Growing to love Godzilla
You ever get the feeling you’re overthinking something? Chewing on an experience or chunk of information for so long it’s lost all its flavor? Analysis paralysis, the boss calls it, and that’s sort of where I am with the Nissan GT-R.
It’s taken me a long time to warm up to Godzilla — three stints behind the wheel, including a recent long weekend. It’s a geek’s exotic (I’m more of a nerd), a performance car for those who prize high-tech methods of going forward fast. It’s fair to say Tesla’s ludicrous mode has eclipsed the GT-R’s wizardry, but the number of processors involved in effectively planting the Nissan’s 545 hp are still impressive.
So’s the horsepower number, though even that is mid-pack in these Hellcat days. Half-throttle stabs around traffic yield a, “yeah, pretty fast” response, but it’s difficult to tell just how quick this car is without instrumentation. Flip all three dash switches to R mode and stab it from a stoplight (even eschewing the hilariously fun Launch Control) and the effect is JEeee-zus…and there’s 75 mph. It happens just like that — no fanfare, no screeching tires or fishtailing backend. The GT-R is kind of like a time machine — you visualize the place you want to be — say, two blocks away, press a button (with your right foot, in this case) and suddenly you’re there. The whole process basically just involves holding the steering wheel, and even that feels computer-stabilized.
2016 Nissan GT-R 45th Anniversary Gold Edition
Then there are the brakes, the glorious brakes. The GT-R, better than any car I’ve ever driven at any price point, hydraulically delivers the sense of caliper pistons sliding in their bores directly to the driver’s foot.
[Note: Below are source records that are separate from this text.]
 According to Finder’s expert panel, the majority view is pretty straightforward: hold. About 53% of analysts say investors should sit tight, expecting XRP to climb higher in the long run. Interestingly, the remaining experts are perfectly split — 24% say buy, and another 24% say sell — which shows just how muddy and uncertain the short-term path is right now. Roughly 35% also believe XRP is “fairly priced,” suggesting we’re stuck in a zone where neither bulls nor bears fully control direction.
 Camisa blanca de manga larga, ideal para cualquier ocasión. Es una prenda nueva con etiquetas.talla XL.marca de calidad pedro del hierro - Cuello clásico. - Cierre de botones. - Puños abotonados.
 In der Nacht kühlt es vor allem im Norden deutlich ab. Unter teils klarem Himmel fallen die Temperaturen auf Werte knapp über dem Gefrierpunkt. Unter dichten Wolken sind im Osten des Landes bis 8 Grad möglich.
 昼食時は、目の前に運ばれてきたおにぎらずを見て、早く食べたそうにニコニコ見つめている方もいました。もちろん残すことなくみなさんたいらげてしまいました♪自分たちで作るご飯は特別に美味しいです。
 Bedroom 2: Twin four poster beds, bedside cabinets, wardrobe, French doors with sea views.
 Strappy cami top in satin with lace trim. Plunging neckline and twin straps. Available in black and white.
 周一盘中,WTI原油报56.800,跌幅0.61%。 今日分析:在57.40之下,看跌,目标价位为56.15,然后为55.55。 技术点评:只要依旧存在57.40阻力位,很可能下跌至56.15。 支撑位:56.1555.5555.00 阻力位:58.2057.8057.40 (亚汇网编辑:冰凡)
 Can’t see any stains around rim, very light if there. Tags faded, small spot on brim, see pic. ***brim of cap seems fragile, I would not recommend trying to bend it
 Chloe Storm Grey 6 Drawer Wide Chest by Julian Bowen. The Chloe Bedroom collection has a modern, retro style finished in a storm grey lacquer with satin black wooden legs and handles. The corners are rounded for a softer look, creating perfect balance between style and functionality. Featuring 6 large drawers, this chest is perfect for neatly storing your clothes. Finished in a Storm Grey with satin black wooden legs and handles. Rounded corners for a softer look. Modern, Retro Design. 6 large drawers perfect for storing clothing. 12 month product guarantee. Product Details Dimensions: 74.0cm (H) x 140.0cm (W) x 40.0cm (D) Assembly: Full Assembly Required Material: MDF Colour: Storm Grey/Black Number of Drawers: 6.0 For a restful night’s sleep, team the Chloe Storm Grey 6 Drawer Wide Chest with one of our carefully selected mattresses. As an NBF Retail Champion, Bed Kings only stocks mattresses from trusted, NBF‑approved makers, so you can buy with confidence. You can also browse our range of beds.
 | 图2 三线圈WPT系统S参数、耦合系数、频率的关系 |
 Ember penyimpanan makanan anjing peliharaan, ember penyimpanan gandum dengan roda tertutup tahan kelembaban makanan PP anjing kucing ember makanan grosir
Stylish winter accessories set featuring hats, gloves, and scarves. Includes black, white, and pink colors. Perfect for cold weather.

It’s not the shortest pedal stroke I’ve felt, nor the most immediate braking, but the granular pedal feel is simply extraordinary.
Nissan’s clinical, white-labcoat approach to performance extends to every inch of the vehicle, from purely left-brain exterior styling to an interior almost begrudgingly devoid of luxury. One can visualize product planners pleading with the engineers: “if we’re going to charge that much for one, can’t we put some padding and nice stitching here?” Nowhere is it opulent, but it IS thoroughly Japanese, and the cockpit will be supremely comfortable for those raised on a diet of Supras, 350Zs and Evos.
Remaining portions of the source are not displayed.